- WORK TO BE COMPLETED -
Output the records below in full, word for word; pictures do not belong in it.

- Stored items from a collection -

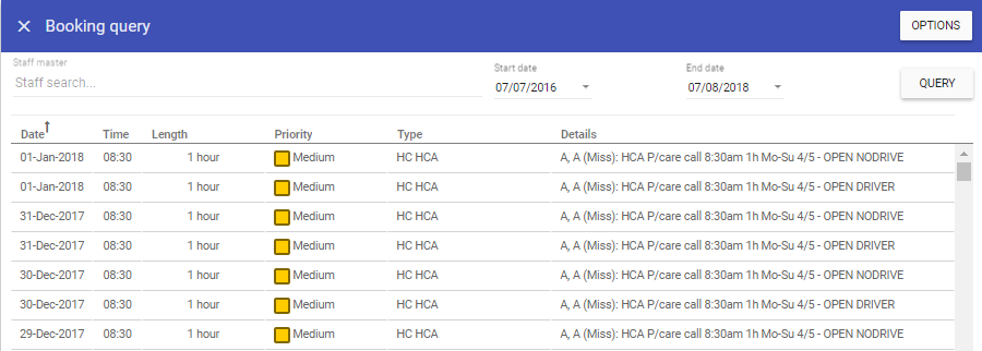 The Booking Query Report lists all iPlanner Jobs within a date range. It also shows if the booking requests have already been filled by a staff member or additionally it allows you to fill booking requests with available staff members.
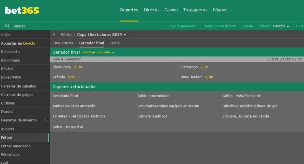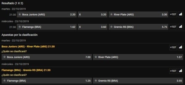 Una referencia es el sitio Bwin, donde una clasificación de la formación Xeneize paga nada más ni nada menos que 7 pesos, mientras que la de River solamente 1.07.
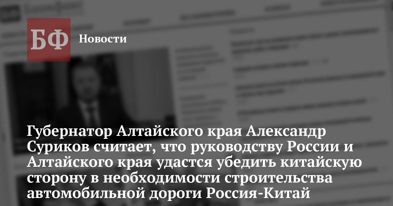 Суриков убежден, что российскому правительству совместно с руководством края удастся убедить китайскую сторону в необходимости осуществления данного проекта.
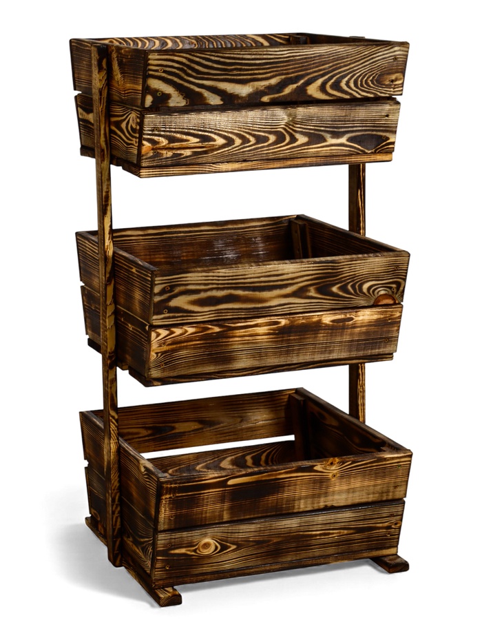 Стеллаж деревянный, 3 ящика 100×54×50 см, обожжённый, «Добропаровъ»
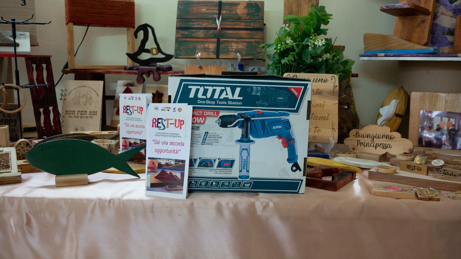 Il progetto Rest-up ha il suo laboratorio all'interno del Centro Diurno Polifunzionale di Santa Maria Capua Vetere, dove insieme agli educatori e i volontari si è creato un luogo accogliente e formativo, dove i ragazzi compiono un primo passo verso il mondo del lavoro ma soprattutto riescono a incanalare la loro energia dando libero sfogo alla creatività, riuscendo a scoprire i propri talenti e il proprio valore.

- SOLUTION FOR THIS TASK -
 The Booking Query Report lists all iPlanner Jobs within a date range. It also shows if the booking requests have already been filled by a staff member or additionally it allows you to fill booking requests with available staff members.
 Una referencia es el sitio Bwin, donde una clasificación de la formación Xeneize paga nada más ni nada menos que 7 pesos, mientras que la de River solamente 1.07.
 Суриков убежден, что российскому правительству совместно с руководством края удастся убедить китайскую сторону в необходимости осуществления данного проекта.
 Стеллаж деревянный, 3 ящика 100×54×50 см, обожжённый, «Добропаровъ»
 Il progetto Rest-up ha il suo laboratorio all'interno del Centro Diurno Polifunzionale di Santa Maria Capua Vetere, dove insieme agli educatori e i volontari si è creato un luogo accogliente e formativo, dove i ragazzi compiono un primo passo verso il mondo del lavoro ma soprattutto riescono a incanalare la loro energia dando libero sfogo alla creatività, riuscendo a scoprire i propri talenti e il proprio valore.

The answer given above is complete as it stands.